The multicultural seasonings from the kitchen create no problems for the Parkway Grill’s wide-ranging wine list, a perennial recipient of Wine Spectator’s coveted “Award of Excellence.” The eclectic compilation of 200-plus labels, backed by a cellar of over 3,000 bottles, offers something for everybody, not to mention an extensive selection by the glass. California wines are most prominently represented—an ideal balance between small boutique wineries from around the state and acclaimed major producers from Napa and Sonoma Valleys. Also represented are prestigious vintages of French Bordeaux and Burgundy, Italian gems from Tuscany and Piedmont, plus New World entries from Australia, Argentina, Chile, and South Africa. The Parkway Grill’s bar is famous for its superb classic and contemporary cocktails, all created with premium spirits and freshly-squeezed juices. It also offers an extensive selection of single-malt Scotches, high-end tequilas and fine liqueurs from around the world.
During the past twenty years, the Parkway Grill has been featured in virtually every major food and travel publication, receiving accolades for its ambiance, multifaceted cuisine, organic garden, and award-winning wine list. No wonder the restaurant appeals to a diverse clientele: businesspersons negotiating deals, tourists soaking up the flavor of historic Pasadena, families celebrating special occasions, and couples stealing romantic moments.
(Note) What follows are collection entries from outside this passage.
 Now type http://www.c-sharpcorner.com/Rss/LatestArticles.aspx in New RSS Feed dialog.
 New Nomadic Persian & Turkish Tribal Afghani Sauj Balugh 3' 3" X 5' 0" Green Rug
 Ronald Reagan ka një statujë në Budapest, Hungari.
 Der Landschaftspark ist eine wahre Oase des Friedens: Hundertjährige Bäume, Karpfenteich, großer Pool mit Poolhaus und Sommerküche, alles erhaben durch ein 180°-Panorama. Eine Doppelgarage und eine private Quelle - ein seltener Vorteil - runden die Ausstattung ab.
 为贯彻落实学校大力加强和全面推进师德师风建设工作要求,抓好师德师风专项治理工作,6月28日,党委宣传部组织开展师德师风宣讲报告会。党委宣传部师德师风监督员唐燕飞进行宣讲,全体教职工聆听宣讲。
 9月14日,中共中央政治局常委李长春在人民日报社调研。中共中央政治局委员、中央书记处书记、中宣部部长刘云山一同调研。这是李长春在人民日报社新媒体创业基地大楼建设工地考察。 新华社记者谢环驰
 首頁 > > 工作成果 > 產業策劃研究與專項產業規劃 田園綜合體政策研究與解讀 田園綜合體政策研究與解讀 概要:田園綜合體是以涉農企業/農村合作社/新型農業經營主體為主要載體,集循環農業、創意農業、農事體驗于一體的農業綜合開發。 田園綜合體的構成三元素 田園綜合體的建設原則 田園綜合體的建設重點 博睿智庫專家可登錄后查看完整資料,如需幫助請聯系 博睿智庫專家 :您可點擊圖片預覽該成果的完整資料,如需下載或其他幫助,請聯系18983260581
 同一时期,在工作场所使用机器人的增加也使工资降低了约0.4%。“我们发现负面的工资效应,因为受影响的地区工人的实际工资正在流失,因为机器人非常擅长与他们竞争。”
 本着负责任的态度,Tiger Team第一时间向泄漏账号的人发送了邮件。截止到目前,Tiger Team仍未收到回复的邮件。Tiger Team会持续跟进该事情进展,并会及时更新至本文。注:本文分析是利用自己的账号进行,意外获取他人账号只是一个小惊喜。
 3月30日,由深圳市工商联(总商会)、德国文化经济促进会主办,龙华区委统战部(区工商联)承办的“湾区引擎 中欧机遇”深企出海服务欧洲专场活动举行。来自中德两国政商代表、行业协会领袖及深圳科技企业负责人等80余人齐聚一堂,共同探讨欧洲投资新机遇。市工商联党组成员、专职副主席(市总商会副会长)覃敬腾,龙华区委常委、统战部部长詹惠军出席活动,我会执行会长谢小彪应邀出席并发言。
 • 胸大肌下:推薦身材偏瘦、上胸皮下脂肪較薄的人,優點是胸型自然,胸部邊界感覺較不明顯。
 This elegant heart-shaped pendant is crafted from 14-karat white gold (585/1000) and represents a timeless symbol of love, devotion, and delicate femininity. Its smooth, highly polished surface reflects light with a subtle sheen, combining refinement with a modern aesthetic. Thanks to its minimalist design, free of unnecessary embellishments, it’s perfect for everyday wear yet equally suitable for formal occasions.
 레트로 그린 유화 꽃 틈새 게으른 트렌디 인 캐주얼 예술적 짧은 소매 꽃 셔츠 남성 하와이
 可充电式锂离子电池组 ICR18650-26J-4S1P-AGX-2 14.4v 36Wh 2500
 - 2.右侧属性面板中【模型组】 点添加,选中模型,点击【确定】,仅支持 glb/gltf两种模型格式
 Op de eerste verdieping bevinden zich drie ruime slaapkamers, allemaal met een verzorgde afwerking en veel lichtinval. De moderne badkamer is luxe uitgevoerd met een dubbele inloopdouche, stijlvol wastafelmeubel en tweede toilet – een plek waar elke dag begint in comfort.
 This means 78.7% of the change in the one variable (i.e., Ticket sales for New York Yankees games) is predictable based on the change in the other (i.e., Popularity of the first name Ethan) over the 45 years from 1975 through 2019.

Although the Grill has become a prominent Rose City institution, its location just off the Pasadena Freeway makes it a convenient destination for serious diners from throughout the metropolitan area. The Parkway Grill is a venture of brothers Bob and Gregg Smith, innovative restaurateurs who have shaped dining trends in Pasadena for many years. Other venues operated by Smith Brothers Restaurant Corporation include Arroyo Chop House and Smitty’s Grill in Pasadena, Vibrato Grill, Jazz…Etc. in Bel-Air, and their chain of fun, casual Crocodile Cafes.